This thread has been locked.

If you have a related question, please click the "Ask a related question" button in the top right corner. The newly created question will be automatically linked to this question.

FFT implementation using C6678 intrinsics

Other Parts Discussed in Thread: BIOSLINUXMCSDK

I'm trying to use complex multiply intrinsic to see if it will improve performance of a simple FFT.
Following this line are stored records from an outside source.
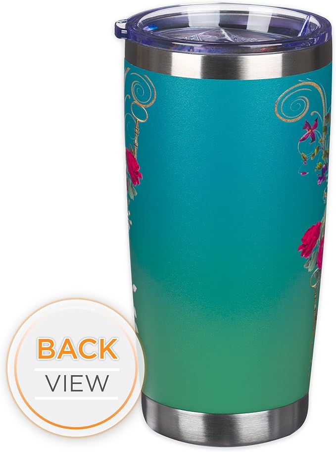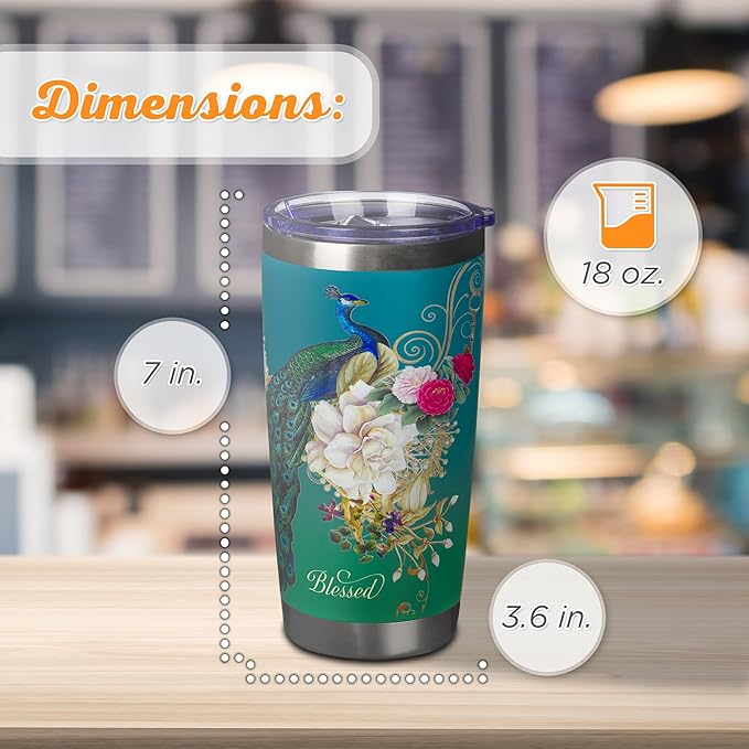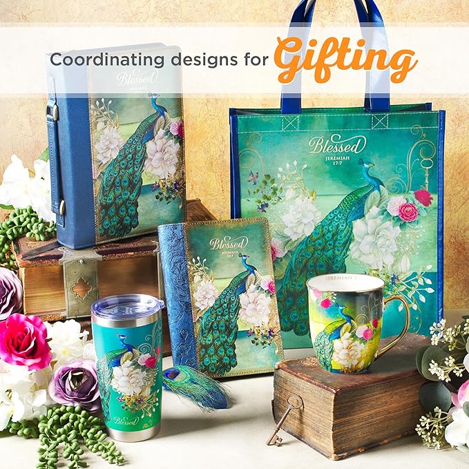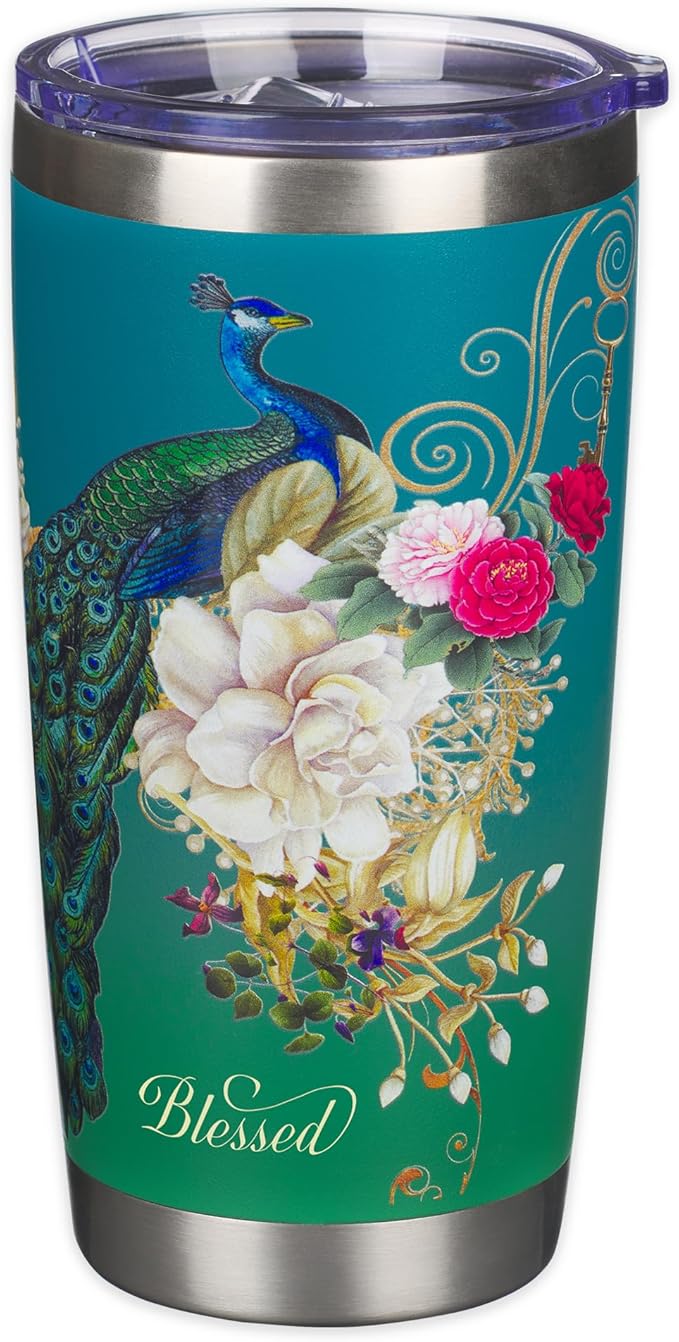 Christian Art Gifts Stainless Steel Double Wall Vacuum Insulated Tumbler 18 oz Peacock Teal Travel Mug with Retractable Lid Inspirational Bible Verse for Women - Blessed Faith -Jeremiah 17:7
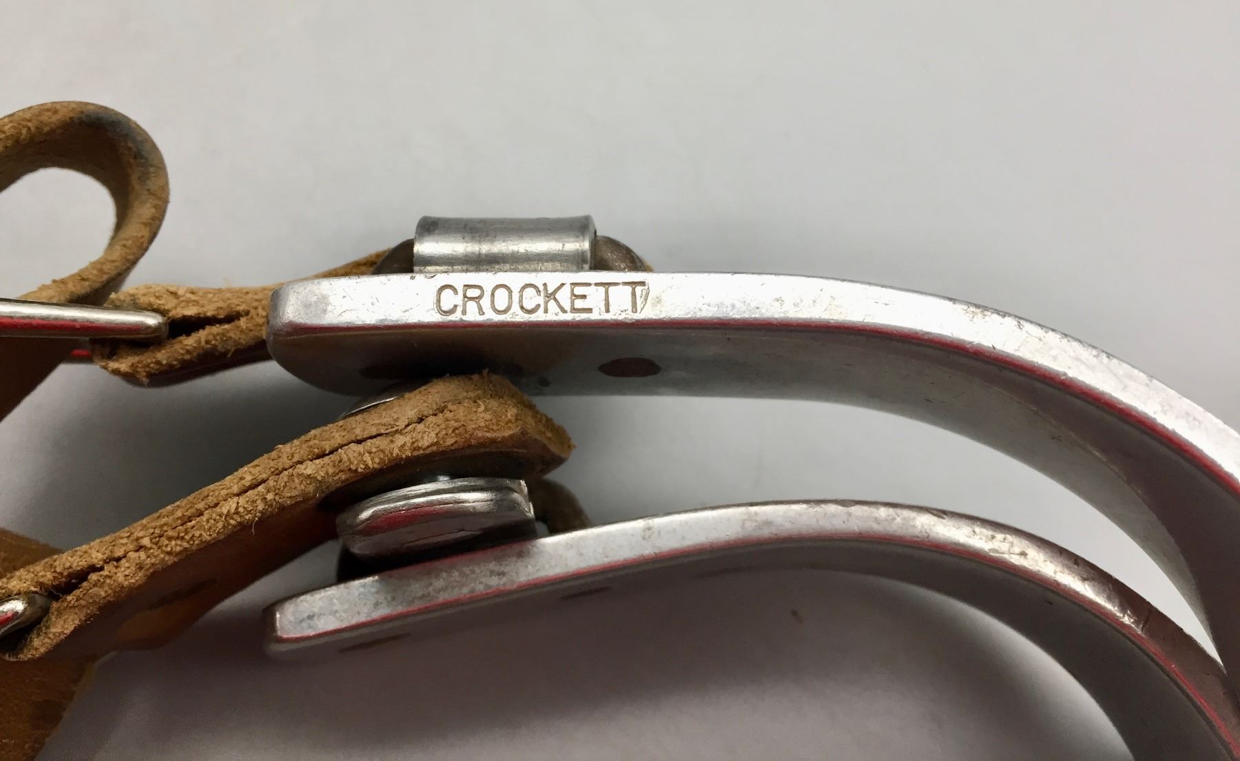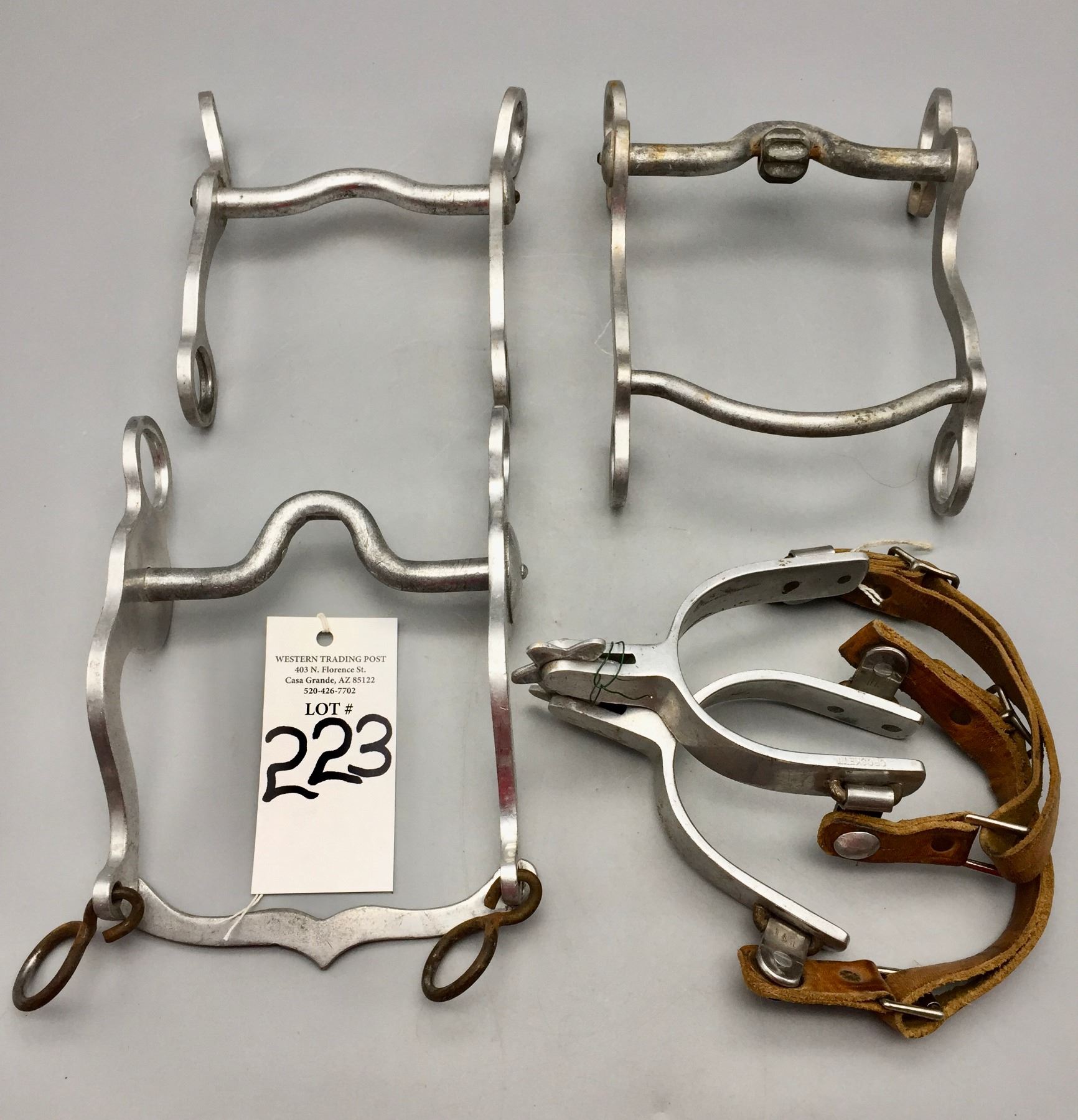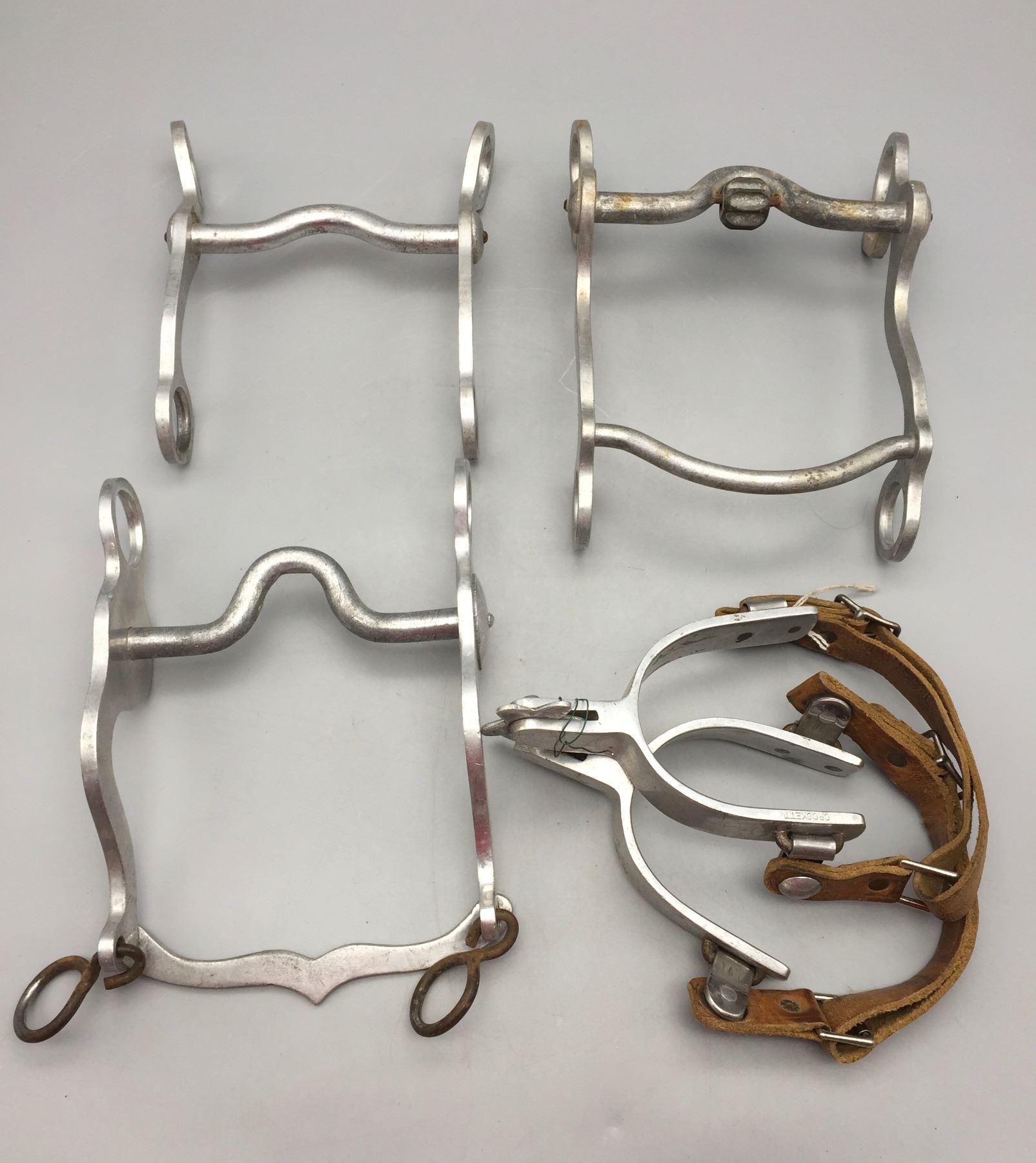 Description: Included for sale in this lot are a group of Crockett bits and spurs in varying sizes and styles. All are the lightweight, aluminum and the spurs include brown leather straps. Maker: All marked Crockett. Approx. Age: Vintage. Size: Spurs measure with a 3” heel, 2-1/4” shank and 1” band. Bits measure with a 5” mouth, 8” shank and 5” mouth, 8” shank and 4-5/8” mouth, 6-5/8” shank. Condition: Good for their age, normal wear expected. Please look closely at the pictures - they are an important part of our description. Shipping: There will be a $8 handling / packaging fee for shipping this lot. The actual cost of postage will be added on top of that.
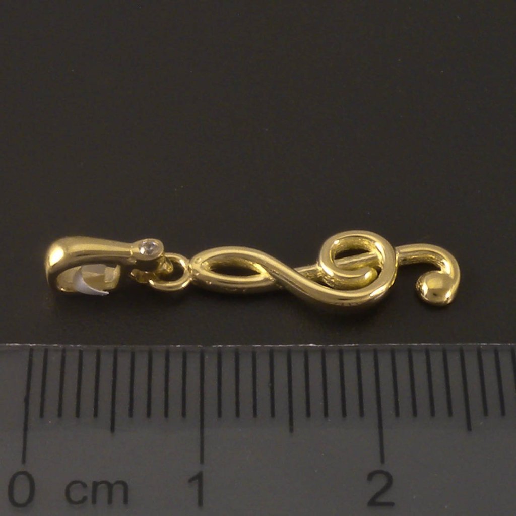 Tento přívěsek ze žlutého zlata ve tvaru houslového klíče je perfektní volbou pro všechny, kdo milují hudbu a oceňují originální symboliku. Vyrobený ze zlata ryzosti 14kt. 585/1000 má hladký, lesklý povrch, který zvýrazňuje jeho elegantní křivky. Horní část závěsu zdobí drobný čirý zirkon, jenž šperku dodává decentní jiskru. Díky své univerzální velikosti a stylovému provedení se skvěle hodí ke každodennímu nošení i jako doplněk k večernímu outfitu. Houslový klíč představuje harmonii a kreativitu – ideální volbu pro všechny hudební nadšence.
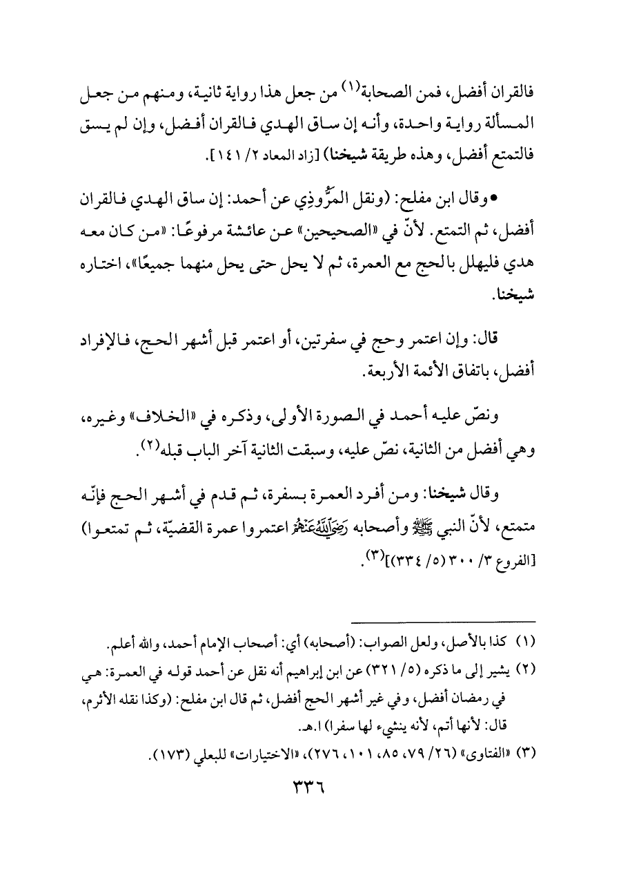 (¬٢) يشير إلى ما ذكره (٥/ ٣٢١) عن ابن إبراهيم أنه نقل عن أحمد قوله في العمرة: هي في رمضان أفضل، وفي غير أشهر الحج أفضل، ثم قال ابن مفلح: (وكذا نقله الأثرم، قال: لأنها أتم، لأنه ينشيء لها سفرا) ا. هـ.

Here is the base code without any intrinsics:

void base_fft(float* data, int nn, int isign)
{
	
	int n, mmax, m, j, istep, i;
	float wr, wi, tempr, tempi; 
	n = nn << 1;   	
	fSintable = (float*)&SINTAB;  /* SINTAB defined in std_rtaf.h as volatile int* */   	
	mmax = 2;   	
	while (n > mmax) 	
	{      	
		istep = 2*mmax;      	
		for (m = 0; m < mmax; m += 2) 		
		{			
			wi = fSintable[((m)/2 * nn/mmax)];			
			wr = isign * fSintable[nn/4 + ((m)/2 * nn/mmax)];         	
			for (i = m; i < n; i += istep) 			
			{            	
				j =i + mmax;            	
				tempr = wr*data[j] - wi*data[j+1];            	
				tempi = wr*data[j+1] + wi*data[j];            	
				data[j] = data[i] - tempr;            	
				data[j+1] = data[i+1] - tempi;            	
				data[i] += tempr;            	
				data[i+1] += tempi;         	
			}      	
		}     	
	mmax = istep;   	
	}
}

For a 1024 pt FFT it takes 221us.

Here is the code using intrinsics:

void intrin_fft(float* data, int nn, int isign) 
{
	int n, mmax, m, j, istep, i;
	float wri[2];
	double wric,dric,tempri;
	n = nn << 1;
	fSintable = (float*)&SINTAB;  
	/* SINTAB defined in std_rtaf.h as volatile int* */
	mmax = 2;   	
	while (n > mmax) 	
	{     	
		istep = 2*mmax;    	
		for (m = 0; m < mmax; m += 2)      	
		{    		
			wri[0] = isign * fSintable[nn/4 + ((m)/2 * nn/mmax)];
			wri[1] = fSintable[((m)/2 * nn/mmax)];     		
			wric = _amemd8((void*)&wri[0]);     		
			for (i = m; i < n; i += istep)      		
			{
				j =i + mmax;     			
				dric = _amemd8((void*)&data[j]);     			
				tempri = _complex_mpysp(wric,dric);     		    
				data[j] = data[i] - (-_hif(tempri));     	   		
				data[j+1] = data[i+1] - (_lof(tempri));     	    	
				data[i] += -_hif(tempri);     		    
				data[i+1] += _lof(tempri);     		
			}     	
		}
     		mmax = istep;	
	}
}
This takes 223us. 
I would like to know where I'm going wrong. I expected the intrinsics to give a boost.
Thanks,
Arun